What is being asked:
Of the lines listed below, return exactly those that run from the line containing "Цвет арматуры —" through the line containing "ボタンの下で揺れるクリアなビ", both included.

Task inputs:
--- START ---

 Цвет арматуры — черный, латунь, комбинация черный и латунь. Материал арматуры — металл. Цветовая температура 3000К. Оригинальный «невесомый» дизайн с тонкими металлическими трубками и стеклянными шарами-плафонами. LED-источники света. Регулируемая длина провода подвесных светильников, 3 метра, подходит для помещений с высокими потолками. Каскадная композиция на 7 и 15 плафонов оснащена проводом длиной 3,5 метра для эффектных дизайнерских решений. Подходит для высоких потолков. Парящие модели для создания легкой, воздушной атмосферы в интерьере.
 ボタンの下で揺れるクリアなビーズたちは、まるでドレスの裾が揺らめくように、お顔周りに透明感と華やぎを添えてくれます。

--- END ---
--- START ---

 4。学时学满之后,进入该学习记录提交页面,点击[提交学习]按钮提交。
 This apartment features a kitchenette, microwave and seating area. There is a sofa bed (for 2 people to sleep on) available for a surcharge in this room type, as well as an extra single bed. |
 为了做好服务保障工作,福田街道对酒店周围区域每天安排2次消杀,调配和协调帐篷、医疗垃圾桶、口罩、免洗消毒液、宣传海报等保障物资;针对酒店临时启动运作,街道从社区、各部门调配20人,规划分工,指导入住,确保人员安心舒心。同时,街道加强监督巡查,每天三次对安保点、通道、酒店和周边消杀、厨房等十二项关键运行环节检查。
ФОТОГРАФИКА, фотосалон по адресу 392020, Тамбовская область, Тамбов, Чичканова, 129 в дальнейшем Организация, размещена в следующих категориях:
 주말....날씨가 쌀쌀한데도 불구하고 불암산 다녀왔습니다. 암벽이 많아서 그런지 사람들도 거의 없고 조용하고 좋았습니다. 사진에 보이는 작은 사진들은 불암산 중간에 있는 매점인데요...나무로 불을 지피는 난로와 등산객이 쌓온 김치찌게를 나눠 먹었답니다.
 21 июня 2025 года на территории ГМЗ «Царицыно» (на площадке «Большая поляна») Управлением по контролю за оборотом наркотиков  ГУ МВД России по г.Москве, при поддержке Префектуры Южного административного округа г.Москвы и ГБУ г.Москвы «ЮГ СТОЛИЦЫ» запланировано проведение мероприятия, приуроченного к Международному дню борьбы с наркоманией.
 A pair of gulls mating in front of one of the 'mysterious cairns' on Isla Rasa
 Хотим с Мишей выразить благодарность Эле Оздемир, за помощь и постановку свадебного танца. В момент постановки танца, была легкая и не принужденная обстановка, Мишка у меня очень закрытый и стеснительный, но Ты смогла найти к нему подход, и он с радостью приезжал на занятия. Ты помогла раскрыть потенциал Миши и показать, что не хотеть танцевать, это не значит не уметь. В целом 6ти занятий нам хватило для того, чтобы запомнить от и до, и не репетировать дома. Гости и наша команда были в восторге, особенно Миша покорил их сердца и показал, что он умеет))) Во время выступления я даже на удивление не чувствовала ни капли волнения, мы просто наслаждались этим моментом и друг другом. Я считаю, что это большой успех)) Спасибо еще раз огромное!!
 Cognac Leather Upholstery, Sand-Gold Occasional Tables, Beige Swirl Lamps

--- END ---

Answer to this exercise:
 Цвет арматуры — черный, латунь, комбинация черный и латунь. Материал арматуры — металл. Цветовая температура 3000К. Оригинальный «невесомый» дизайн с тонкими металлическими трубками и стеклянными шарами-плафонами. LED-источники света. Регулируемая длина провода подвесных светильников, 3 метра, подходит для помещений с высокими потолками. Каскадная композиция на 7 и 15 плафонов оснащена проводом длиной 3,5 метра для эффектных дизайнерских решений. Подходит для высоких потолков. Парящие модели для создания легкой, воздушной атмосферы в интерьере.
 ボタンの下で揺れるクリアなビーズたちは、まるでドレスの裾が揺らめくように、お顔周りに透明感と華やぎを添えてくれます。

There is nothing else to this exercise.